**TASK INSTRUCTIONS**
Among the entries below, the lines from the one with "Прямая продажа от" up to and including the one with "世界的に流通している某有名ブ" are to be restated exactly, without pictures.

**MATERIALS PROVIDED**
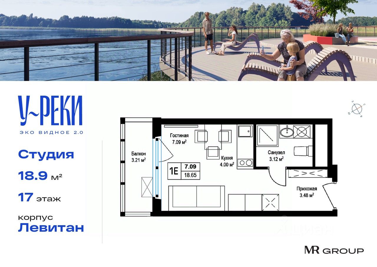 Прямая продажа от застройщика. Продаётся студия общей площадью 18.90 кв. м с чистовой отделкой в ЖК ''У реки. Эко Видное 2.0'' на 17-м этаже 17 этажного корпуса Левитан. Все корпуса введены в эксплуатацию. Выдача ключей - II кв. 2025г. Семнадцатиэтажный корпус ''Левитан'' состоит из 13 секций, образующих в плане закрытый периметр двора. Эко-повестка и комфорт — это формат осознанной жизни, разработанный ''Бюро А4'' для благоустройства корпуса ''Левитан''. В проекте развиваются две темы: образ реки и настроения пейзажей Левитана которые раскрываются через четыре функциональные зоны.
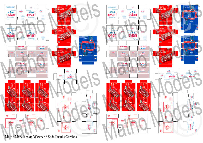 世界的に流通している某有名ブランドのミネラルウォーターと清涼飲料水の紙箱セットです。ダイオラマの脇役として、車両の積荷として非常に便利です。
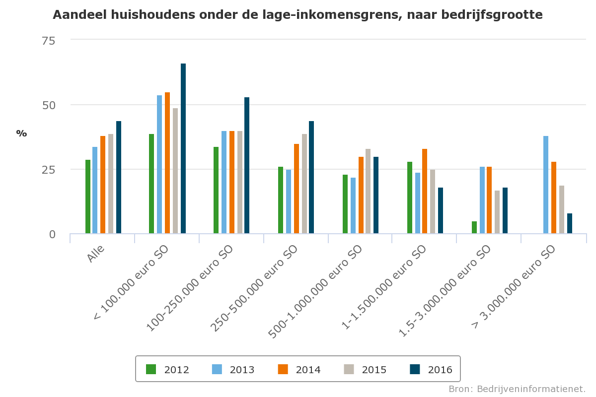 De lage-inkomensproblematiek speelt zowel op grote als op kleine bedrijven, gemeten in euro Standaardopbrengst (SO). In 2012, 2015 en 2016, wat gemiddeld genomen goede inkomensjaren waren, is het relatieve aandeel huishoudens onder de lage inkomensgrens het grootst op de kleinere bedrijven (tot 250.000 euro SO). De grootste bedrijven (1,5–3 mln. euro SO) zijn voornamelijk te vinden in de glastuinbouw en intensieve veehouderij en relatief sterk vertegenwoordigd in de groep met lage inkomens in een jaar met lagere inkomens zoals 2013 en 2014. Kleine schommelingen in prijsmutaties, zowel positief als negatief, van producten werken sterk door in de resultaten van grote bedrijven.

* * *

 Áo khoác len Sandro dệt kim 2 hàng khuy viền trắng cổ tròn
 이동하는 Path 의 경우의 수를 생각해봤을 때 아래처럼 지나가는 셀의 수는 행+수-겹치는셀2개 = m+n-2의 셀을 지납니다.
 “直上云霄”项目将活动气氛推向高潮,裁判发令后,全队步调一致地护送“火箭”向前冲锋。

**EXERCISE OUTPUT**
 Прямая продажа от застройщика. Продаётся студия общей площадью 18.90 кв. м с чистовой отделкой в ЖК ''У реки. Эко Видное 2.0'' на 17-м этаже 17 этажного корпуса Левитан. Все корпуса введены в эксплуатацию. Выдача ключей - II кв. 2025г. Семнадцатиэтажный корпус ''Левитан'' состоит из 13 секций, образующих в плане закрытый периметр двора. Эко-повестка и комфорт — это формат осознанной жизни, разработанный ''Бюро А4'' для благоустройства корпуса ''Левитан''. В проекте развиваются две темы: образ реки и настроения пейзажей Левитана которые раскрываются через четыре функциональные зоны.
 世界的に流通している某有名ブランドのミネラルウォーターと清涼飲料水の紙箱セットです。ダイオラマの脇役として、車両の積荷として非常に便利です。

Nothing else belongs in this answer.